This article was published on January 26, 2017

Facebook announces News Feed change to surface more relevant videos

Facebook announces News Feed change to surface more relevant videos
Bryan Clark
Story by

Bryan Clark

Former Managing Editor, TNW

Bryan is a freelance journalist. Bryan is a freelance journalist.

Facebook today announced a few changes to the way it handles video on your News Feed.

In the past, video was ranked based on a few actions, like whether a video was live, if people bothered to turn on sound, or if you decided to open it to a full screen view.

Today’s announcement adds another metric, ‘percent completion,’ to determine how to rank video and determine what’s worth inserting into your News Feed. Percent completion is exactly what it sounds like, the amount of time you watch each video before shutting it off and scrolling to the next item. The longer you watch, it stands to reason, the more compelling the content is, and thus the more it should appear in the News Feed of others.

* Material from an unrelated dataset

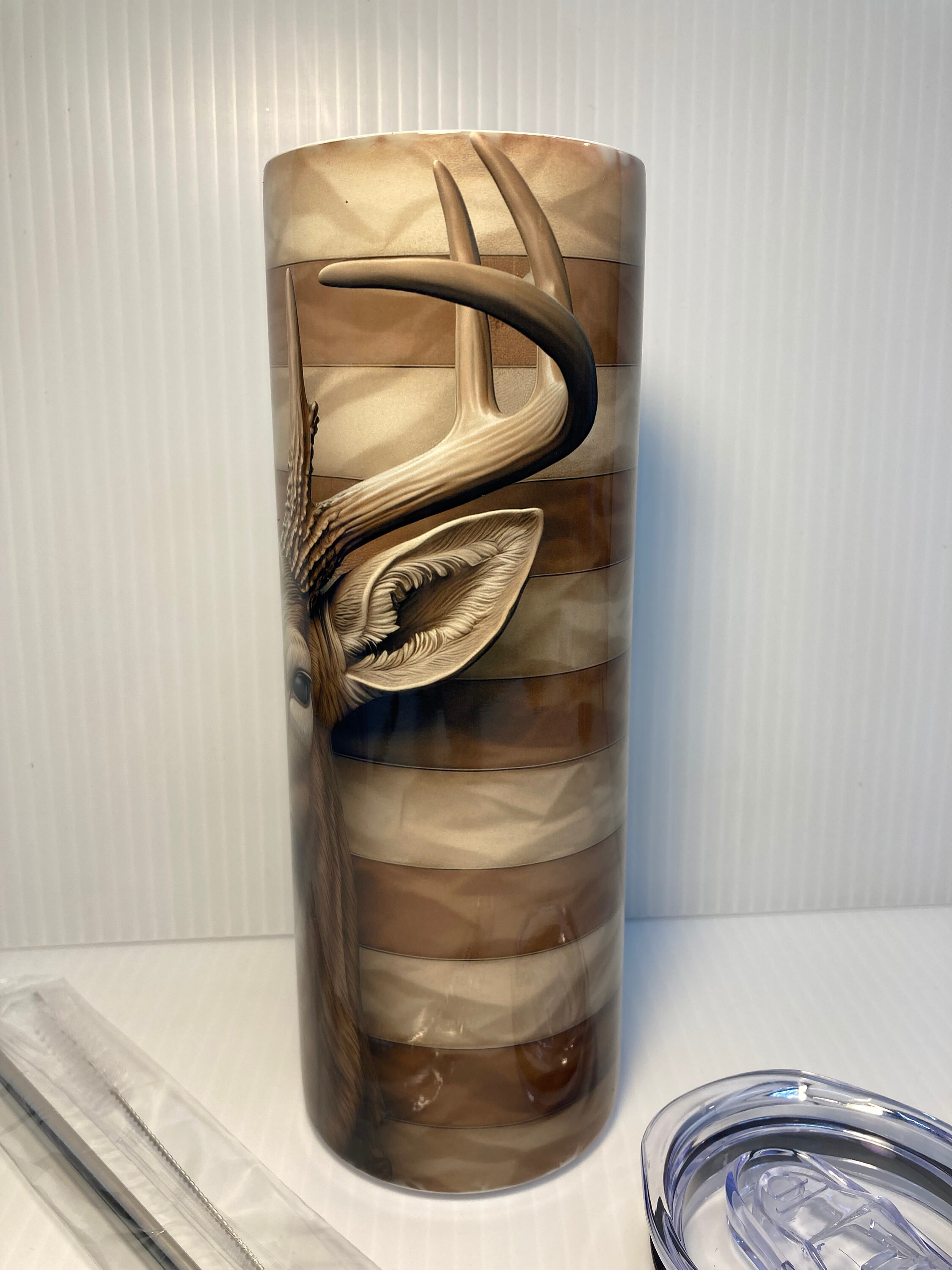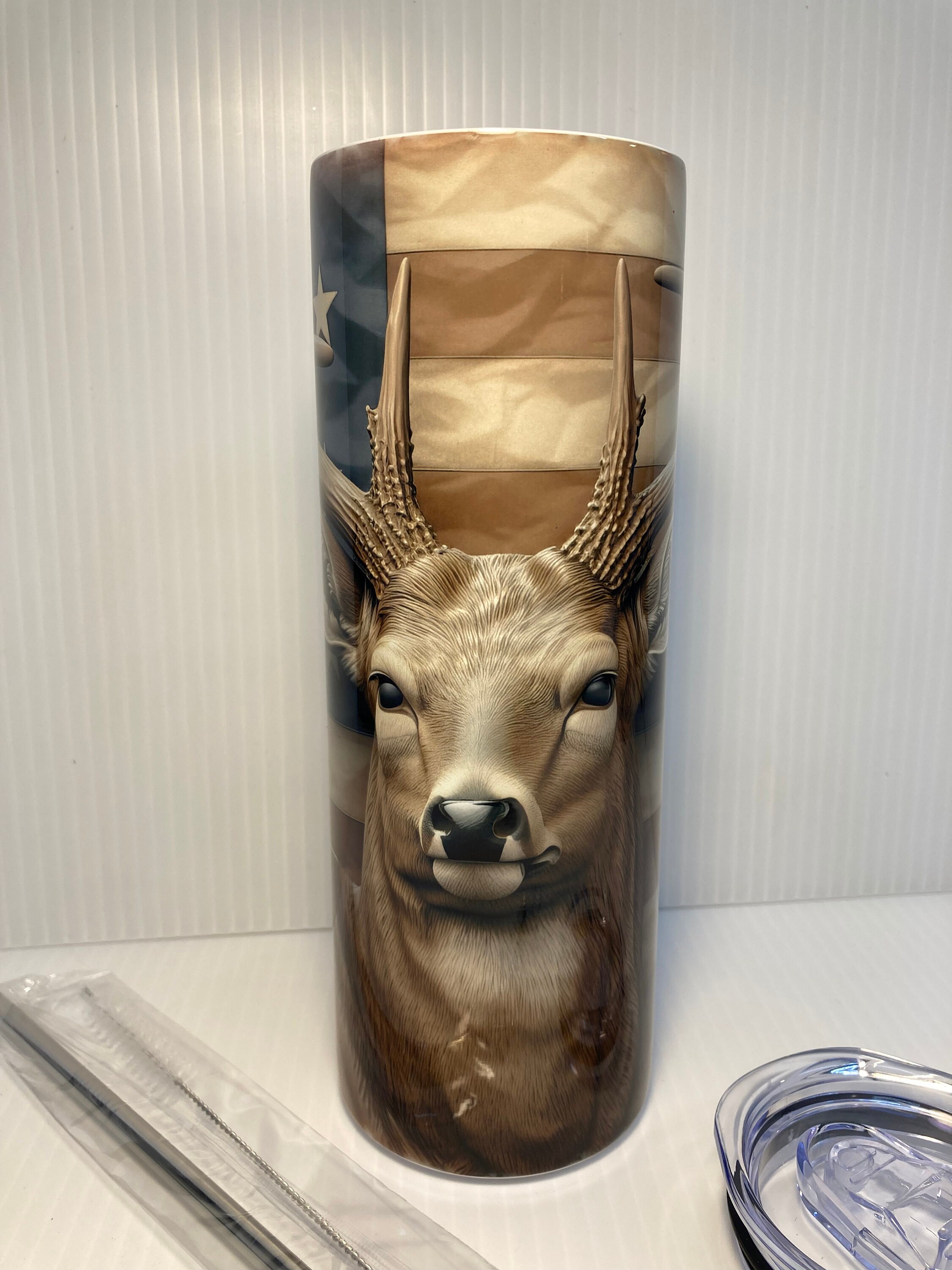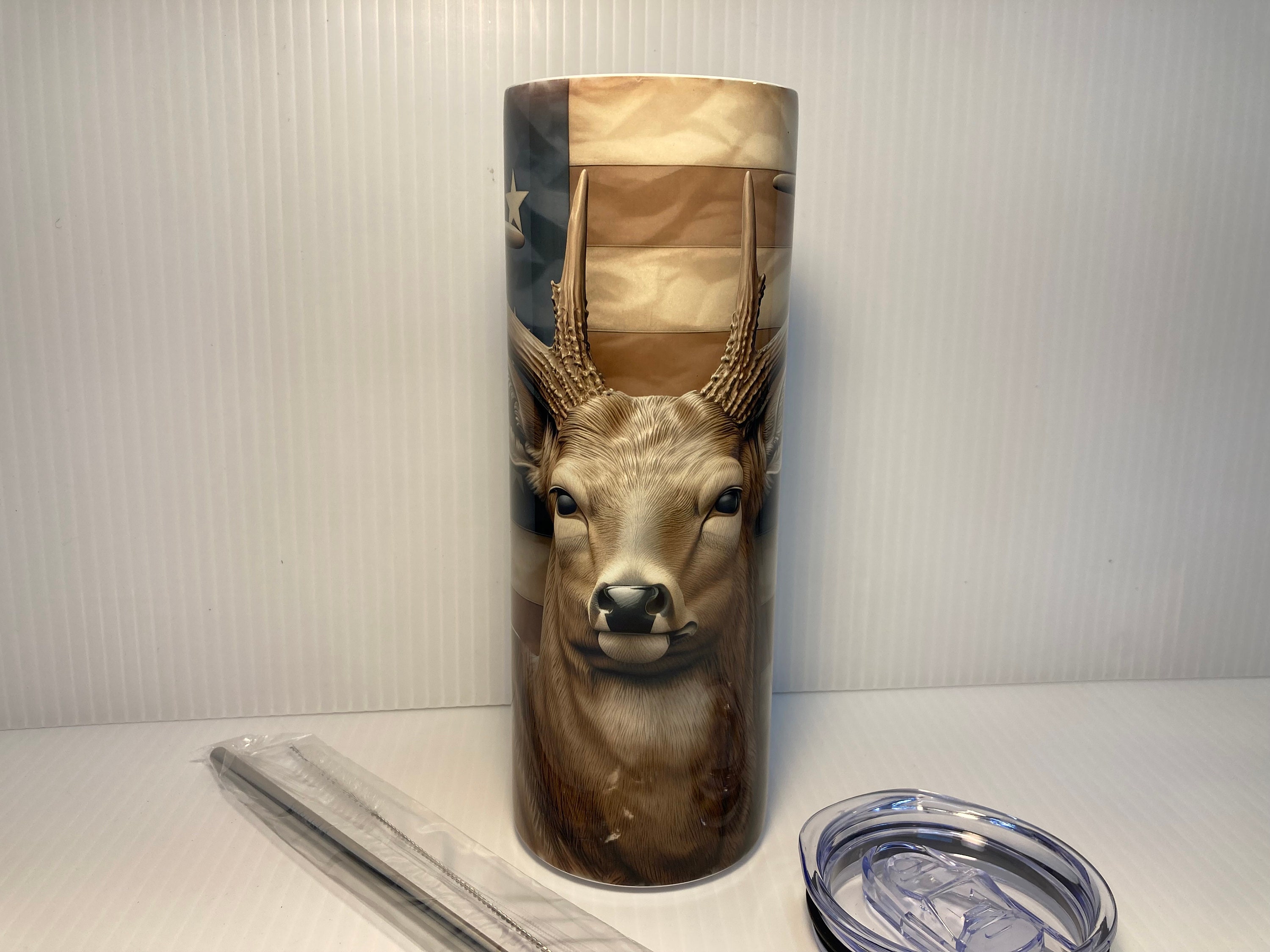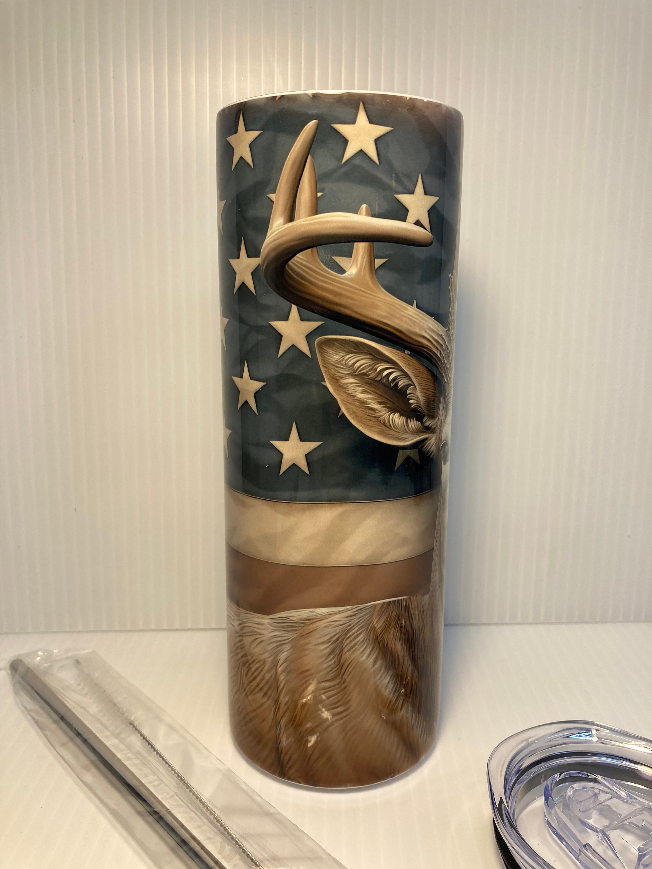 But that's not all! The 3D image on this tumbler showcases a majestic buck deer against an inspiring American flag background, adding a touch of patriotism and elegance to your drinkware collection.

As for longer videos, the metric makes sense as it takes into account that sometimes life gets in the way of that 10 minute clip from ‘Last Week Tonight.’ If you’d watched six minutes before clicking away, the approach would still score the experience more favorably than watching 10 seconds of a 90 second video, for example.

And for the important question, how will this impact your Facebook Page? It remains to be seen, but Facebook expects that most Pages won’t notice a significant change.

While we expect that most Pages will not see significant changes in distribution as a result of this update, longer videos that people spend time watching may see a slight increase in distribution on Facebook — so people who find longer videos engaging may be able to discover more of them in News Feed. As a side effect, some shorter videos may see a slight dip in News Feed distribution.

Not all users will notice the change immediately, although it did begin its roll out today. Over time, the feature will be monitored, and rolled out to more users.